WHAT TO PRODUCE —
The response should contain only the line with "喀山會(huì)展中心內(n" and every line after it to the end of the listing below, duplicated exactly; no picture belongs in it.

SOURCE MATERIAL —
---+---
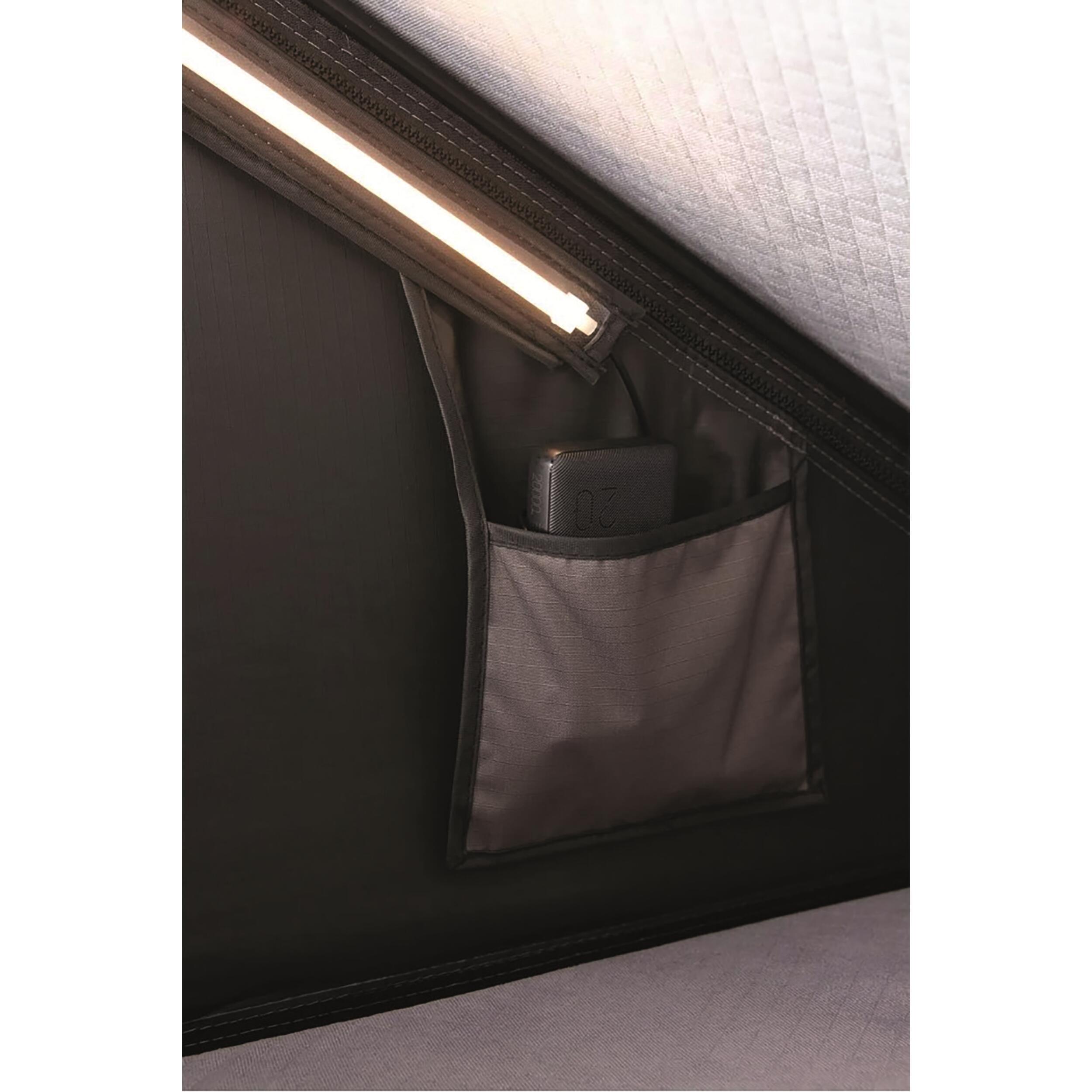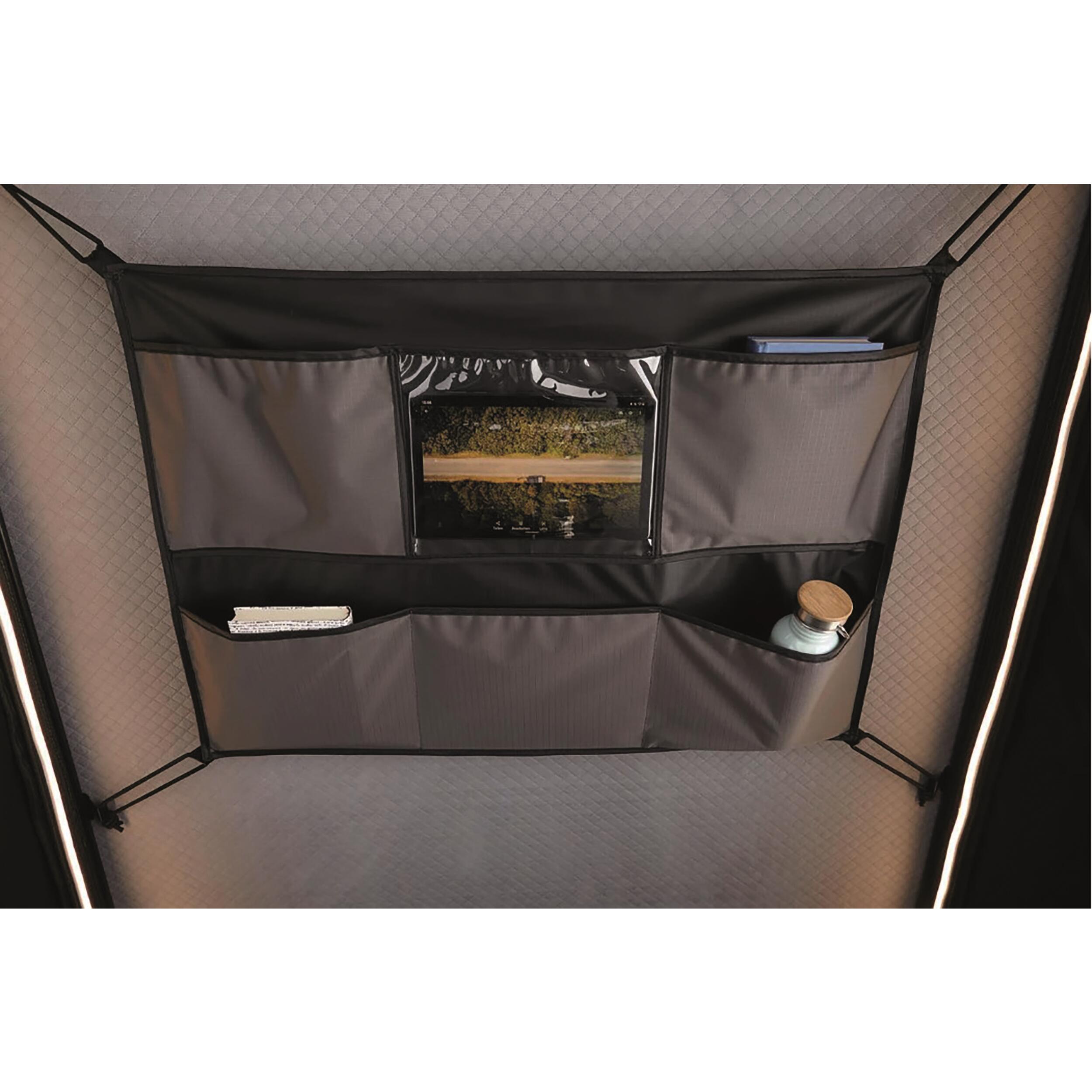 L'intérieur est judicieusement aménagé avec de multiples poches et compartiments pour un rangement pratique et organisé. Il est équipé de nombreuses poches et options de rangement, comme le compartiment coulissant, de la taille d’un iPad, idéal pour regarder un film en cas de mauvais temps.
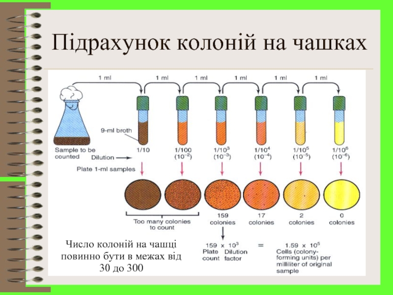 Перемножити число колоній, які виросли на чашках на розведення і знайти
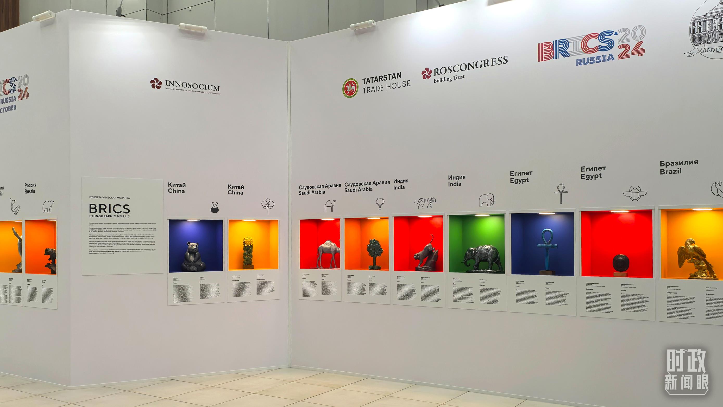 喀山會(huì)展中心內(nèi)展示的金磚國(guó)家工藝品。(總臺(tái)央廣記者潘毅拍攝)
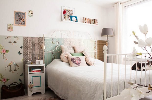 Изголовье для кровати из остатков обоев.Прикроватное изголовье может кардинально преобразить интерьер спальни. Самый простой, но от этого не менее эффектный вариант — наклеить на стену полоску обоев шириной по размеру кровати или чуть больше.
---+---
TASK RESULT —
 喀山會(huì)展中心內(nèi)展示的金磚國(guó)家工藝品。(總臺(tái)央廣記者潘毅拍攝)
 Изголовье для кровати из остатков обоев.Прикроватное изголовье может кардинально преобразить интерьер спальни. Самый простой, но от этого не менее эффектный вариант — наклеить на стену полоску обоев шириной по размеру кровати или чуть больше.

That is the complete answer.